The `cs61-sections/s06`

directory contains a program called `matrixmultiply`

(source in `matrixmultiply.cc`

). This program creates two random square
matrices, multiplies them together, prints some information about their
product, then exits.

In the handout code, `matrixmultiply-base.cc`

and `matrixmultiply.cc`

do
exactly the same task. Your first job is to transform the `matrixmultiply.cc`

version so that it runs as fast as possible, while producing almost exactly
the same results as the original for all arguments. Your second job is to
explain your results by reasoning about the processor cache.

## Processor cache

Modern processors access all primary memory through the medium of **cache
memory**. This kind of memory is located physically closer to the processor
than primary memory. Shorter wires means faster access: the closest cache
memory is ~60x faster for the processor to access than primary memory. But
there is also much less space available close to the processor, and cache
memory can use a different technology than primary memory. So cache memory is
smaller and more expensive than primary memory.

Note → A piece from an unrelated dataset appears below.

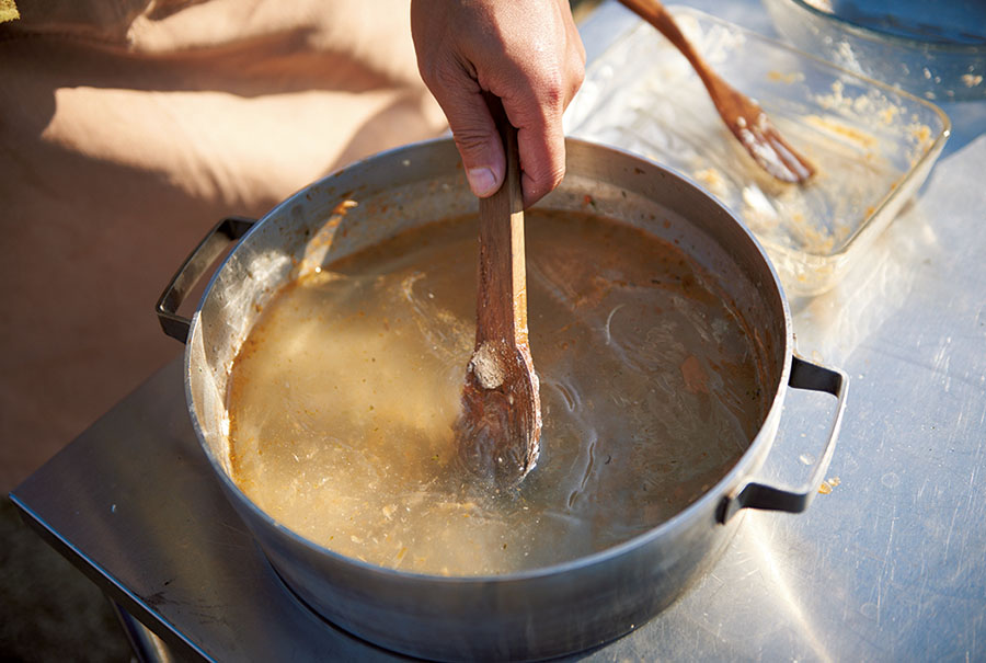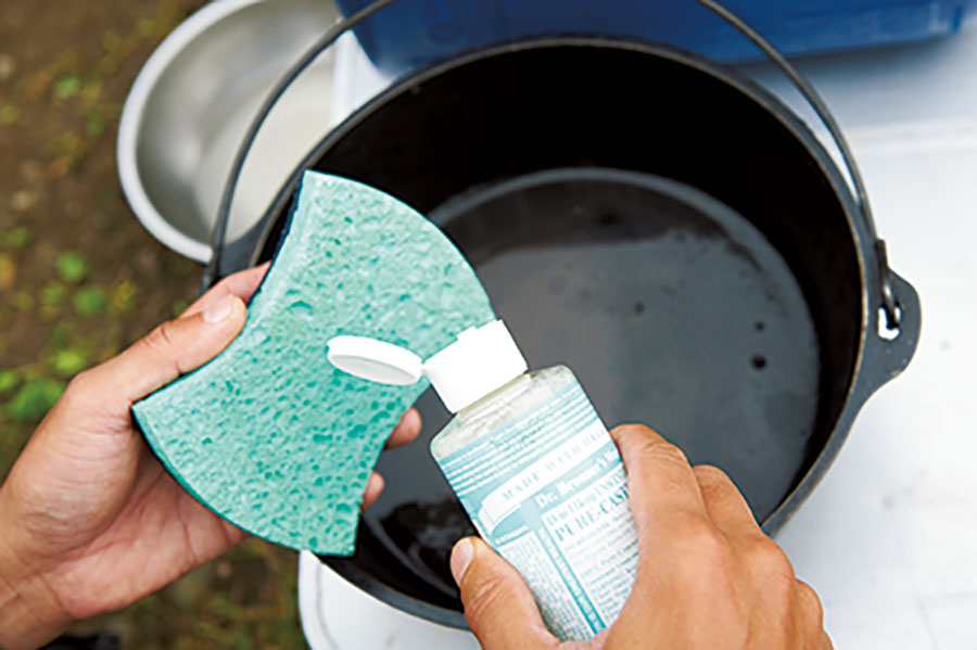 鋳鉄製ダッチオーブンはなじんだ油が抜けるため、基本的に洗剤は使わない。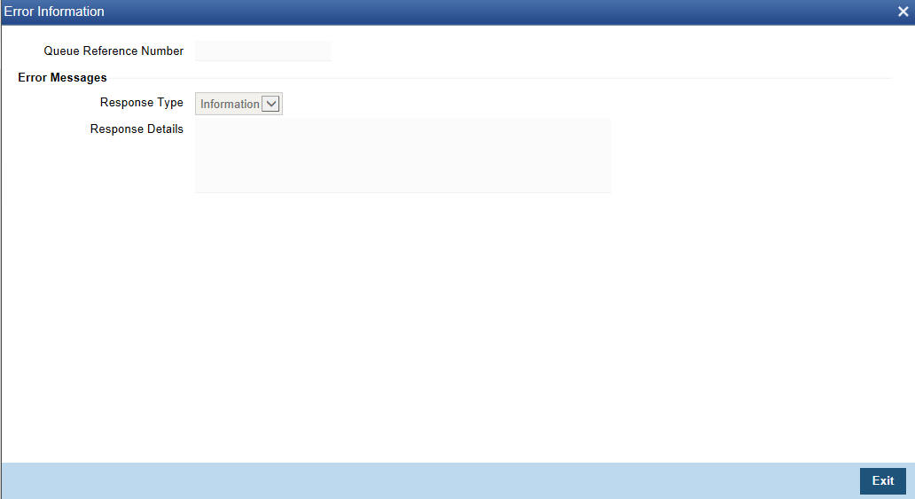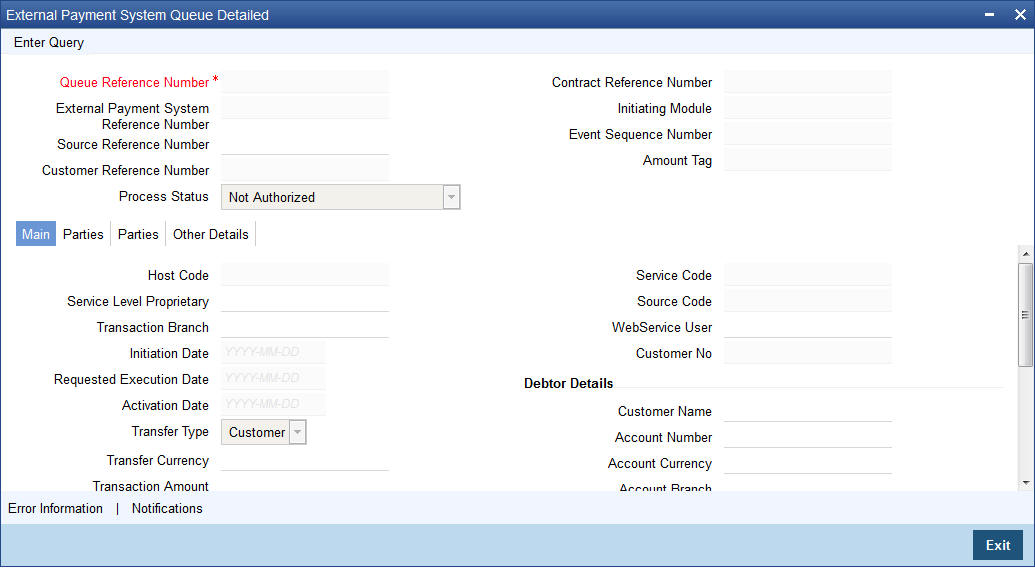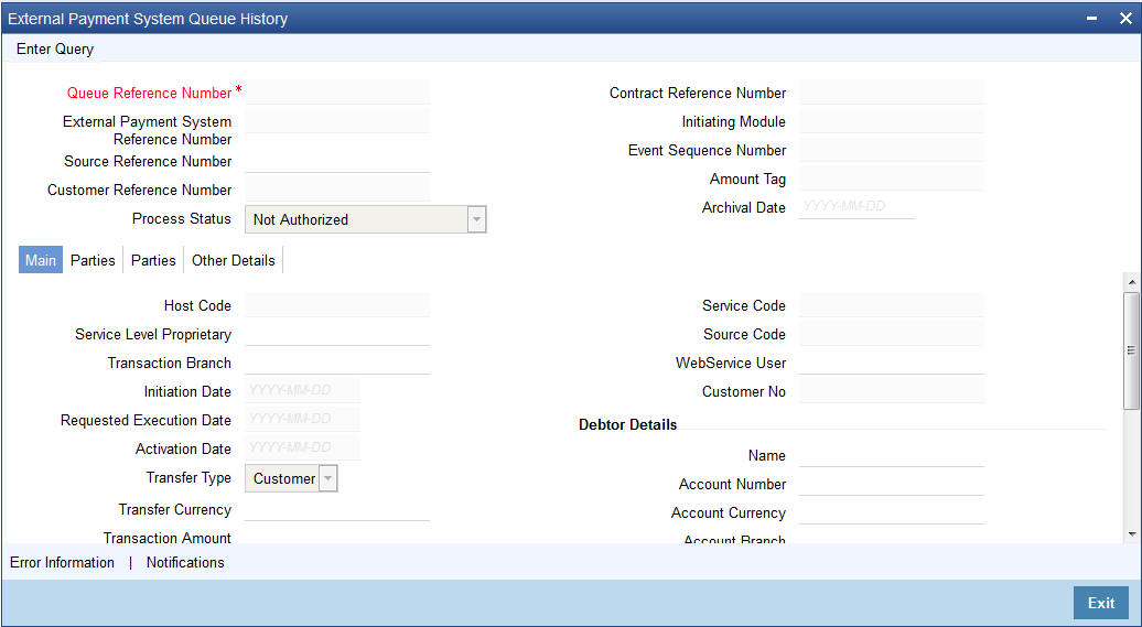 Specify the queue reference number and click ‘Execute Query’ to view the details of payment request sent to external payment system.

Cache memory is organized into aligned blocks called **cache lines**. Common
cache line sizes are 64 bytes or 128 bytes.

To access an address in primary memory, a processor obtains a lock on the surrounding cache line (preventing other processors from modifying it), then moves the cache line into the cache.

## Matrix multiplication background

A matrix is a 2D array of numbers. An \(m\times n\) matrix has \(m\) rows and \(n\) columns; the value in row \(i\) and column \(j\) is written \(m_{ij}\), or, in more C-like notation, \(m[i, j]\) or \(m[i][j]\).

A square matrix has the same number of rows and columns: \(m = n\).

The product of two matrices \(a\) and \(b\), written \(a \times b\) or \(a \ast b\), is calculated by the following rules.

- \(a\) must have the same number of columns as \(b\) has rows.
- If \(a\) has dimensions \(m\times n\), and \(b\) has dimensions \(n\times p\), then \(c = a \times b\) has dimensions \(m \times p\): it has \(a\)’s row count and \(b\)’s column count.
If \(c = a \times b\), then

\[ c_{ij} = \sum_{0\leq k < n} a_{ik}b_{kj}. \]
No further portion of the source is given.